Tuesday, December 24th, 2024

Keppel DC REIT: Navigating Growth Amid Positive Lease Reversions and Strategic Acquisitions

Broker Name and Date

  • Broker: CGS International Securities
  • Date: October 21, 2024

3Q24 Financial Performance
Keppel DC REIT reported a 3Q24 distribution per unit (DPU) of 2.501 Singapore cents, which represented a year-over-year increase of 6.1% and a quarter-on-quarter rise of 0.4%. The DPU formed 28.9% of CGS International’s FY24 forecast, slightly exceeding expectations at 28.5% of FY24 full-year forecast.

Gross Revenue and Occupancy Rates
Gross property revenue for 3Q24 was S$76.9 million, reflecting a 8.9% increase year-on-year and 4.2% growth quarter-on-quarter. Portfolio occupancy remained stable at 97.6%, though there is a possibility it could dip to around 97.0% due to a non-renewal at the Gore Hill data center in Sydney, which represents a small percentage of the net lettable area and gross rental income.

Positive Lease Reversions and Renewals
The company successfully renewed a significant lease in Singapore with positive reversions exceeding 40%, alongside renewals in Australia, Dublin, and Amsterdam. This trend suggests strong leasing demand across its portfolio. The 3Q24 financial performance was further boosted by positive lease reversions and the contribution from a recently acquired Tokyo data center.
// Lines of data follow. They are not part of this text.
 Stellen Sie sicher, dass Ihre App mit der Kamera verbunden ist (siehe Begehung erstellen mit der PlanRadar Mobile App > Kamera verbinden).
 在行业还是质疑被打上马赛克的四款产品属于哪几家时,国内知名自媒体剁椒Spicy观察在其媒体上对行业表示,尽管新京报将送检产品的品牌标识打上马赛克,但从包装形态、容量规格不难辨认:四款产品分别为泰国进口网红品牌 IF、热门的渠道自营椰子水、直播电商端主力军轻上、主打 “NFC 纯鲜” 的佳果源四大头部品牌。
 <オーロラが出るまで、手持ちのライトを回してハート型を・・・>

Gearing and Financial Position
Keppel DC REIT’s gearing increased to 39.7% in 3Q24 from 35.8% in 1H24, nearing its internal gearing limit of 40%. The increase was attributed to the acquisition of the Tokyo data center. Despite higher gearing, the REIT maintained a stable interest coverage ratio of 5.1x, with the average cost of debt declining to 3.3%, benefiting from lower cost loans in yen and euros.
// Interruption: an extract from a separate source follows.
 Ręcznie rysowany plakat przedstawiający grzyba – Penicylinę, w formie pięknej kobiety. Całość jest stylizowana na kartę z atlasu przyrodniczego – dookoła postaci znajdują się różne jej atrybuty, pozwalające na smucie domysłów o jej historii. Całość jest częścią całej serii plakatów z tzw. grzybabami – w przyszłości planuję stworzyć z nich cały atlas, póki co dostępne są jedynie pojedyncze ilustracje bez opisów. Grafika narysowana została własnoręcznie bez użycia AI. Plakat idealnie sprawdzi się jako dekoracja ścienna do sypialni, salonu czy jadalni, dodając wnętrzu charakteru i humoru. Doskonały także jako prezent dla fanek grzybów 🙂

Challenges at Gore Hill and Bluesea Arrears
The REIT faces challenges with non-renewals, particularly at the Gore Hill data center in Sydney, where a tenant vacated, impacting 0.5% of the net lettable area. Additionally, Keppel DC REIT is managing arrears from a tenant, Bluesea, which has had an impact on revenue from its China-based data centers. However, Bluesea managed to sign leases for 200-300 racks at the Guangdong data center in 3Q24, reflecting efforts to address occupancy issues.
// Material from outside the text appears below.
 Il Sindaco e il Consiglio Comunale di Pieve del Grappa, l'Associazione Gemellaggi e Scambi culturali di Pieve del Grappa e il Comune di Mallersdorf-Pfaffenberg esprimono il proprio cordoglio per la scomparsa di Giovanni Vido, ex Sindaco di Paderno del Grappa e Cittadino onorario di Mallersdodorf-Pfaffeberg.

Strategic Focus on Acquisitions and Growth
During the 3Q24 analyst call, Keppel DC REIT’s management expressed a keen interest in acquisitions in Japan and South Korea, where they see cap rates ranging from 3-7% depending on the market and lease contracts. Management also highlighted organic growth opportunities through asset repositioning and infrastructure upgrades, which may include securing additional power for existing data centers.

Target Price and Ratings
CGS International has revised its target price to S$2.34, up from the previous S$2.11, factoring in improved financial projections for FY24-FY26 due to higher revenue expectations and favorable lease reversions. Despite these positives, CGS International maintained a “Hold” rating, citing the lack of clear catalysts in the short term and a need for resolution regarding Bluesea arrears. The revised dividend per share forecasts for FY24-FY26 show increases between 5.6% to 10.5%.

ESG Initiatives and Commitments
Keppel DC REIT continues to emphasize sustainability, earning a C+ combined ESG score from LSEG in 2023, with particularly strong performance in environmental and governance areas. The REIT aims to reduce its Scope 1 and 2 emissions by 50% from the 2019 baseline by 2030, with progress shown by a 13.6% reduction as of 2023. Furthermore, the company has set a goal to use renewable energy for at least 50% of its colocation assets by 2030, achieving 17% renewable energy usage as of 2023.

Key Risks and Future Outlook
Key risks for Keppel DC REIT include the potential for lower-than-expected occupancy, which could affect its topline, as well as the devaluation risk of its China portfolio that might increase its gearing ratio. Upside risks could come from faster-than-expected asset acquisitions, successful collection of Bluesea arrears, and higher rental reversions. CGS International suggests that the FY25F DPU yield of 4.4% is in line with the REIT’s 5-year average.